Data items
============================================================
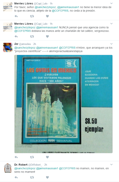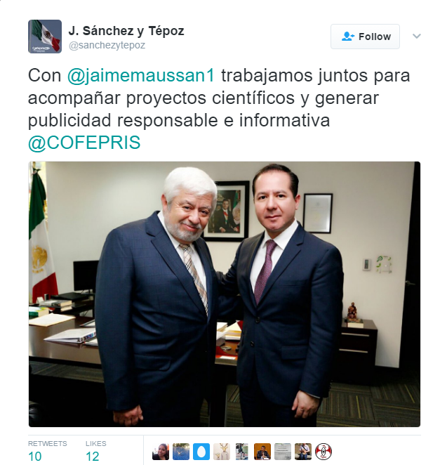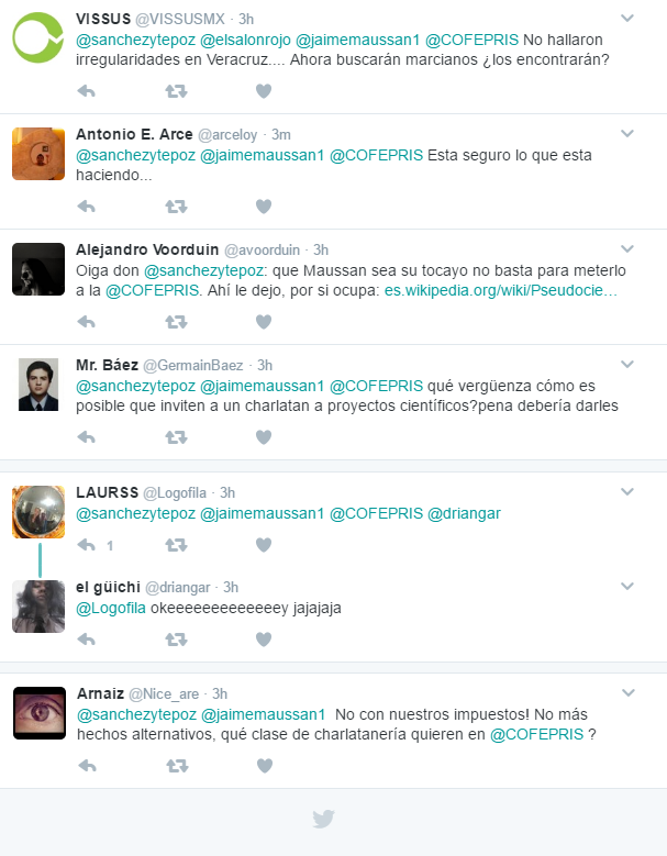 El primer tuit de Sánchez y Tépoz, como se ve, hizo que muchos pensaran que la Cofepris buscaba a Maussán para convertirlo en asesor de la misma (parte de la confusión se debió al desconocimiento del contexto en el que se relizó la reunión, es decir, desconocían las notas aparecidas en algunos diarios y la reacción de Maussán en su programa de televisión). Los siguientes tuits no aclararon mucho la situación, por lo que la gente seguía criticando tanto a la Cofepris como a Maussán. Lo que llevó al Comisionado Federal de la Cofepris a escribir el siguiente mensaje:
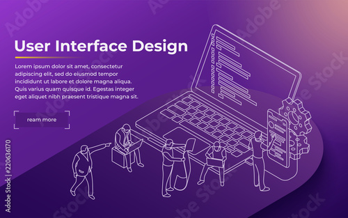 Wall mural : Development of the user interface - people work in a team and achieve the goal - launch a new product
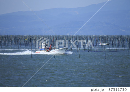 有明海を走り回る漁船、
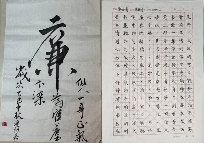 创作廉洁作品,搭建“墨香廉韵”展示窗。学院开展“墨香廉韵”书法赛与“清风笔绘”绘画赛,学生创作近150幅作品,以笔墨、画作传递廉洁内涵。优秀作品通过易班线上展示、教学楼线下展览,浸润校园。
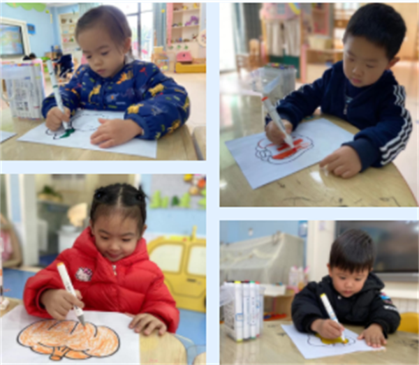 这么有趣的蔬菜,孩子们都想把它记录下来,于是,我们想到了用画笔来画一画、给蔬菜穿上新衣,留在纸上,拼成一幅奇妙的画。跟着我们的镜头一起去看一看吧!
============================================================
== PROBLEM TO SOLVE ==
Leave out the images and copy all remaining data word for word.

== SOLUTION BELOW ==
 El primer tuit de Sánchez y Tépoz, como se ve, hizo que muchos pensaran que la Cofepris buscaba a Maussán para convertirlo en asesor de la misma (parte de la confusión se debió al desconocimiento del contexto en el que se relizó la reunión, es decir, desconocían las notas aparecidas en algunos diarios y la reacción de Maussán en su programa de televisión). Los siguientes tuits no aclararon mucho la situación, por lo que la gente seguía criticando tanto a la Cofepris como a Maussán. Lo que llevó al Comisionado Federal de la Cofepris a escribir el siguiente mensaje:
 Wall mural : Development of the user interface - people work in a team and achieve the goal - launch a new product
 有明海を走り回る漁船、
 创作廉洁作品,搭建“墨香廉韵”展示窗。学院开展“墨香廉韵”书法赛与“清风笔绘”绘画赛,学生创作近150幅作品,以笔墨、画作传递廉洁内涵。优秀作品通过易班线上展示、教学楼线下展览,浸润校园。
 这么有趣的蔬菜,孩子们都想把它记录下来,于是,我们想到了用画笔来画一画、给蔬菜穿上新衣,留在纸上,拼成一幅奇妙的画。跟着我们的镜头一起去看一看吧!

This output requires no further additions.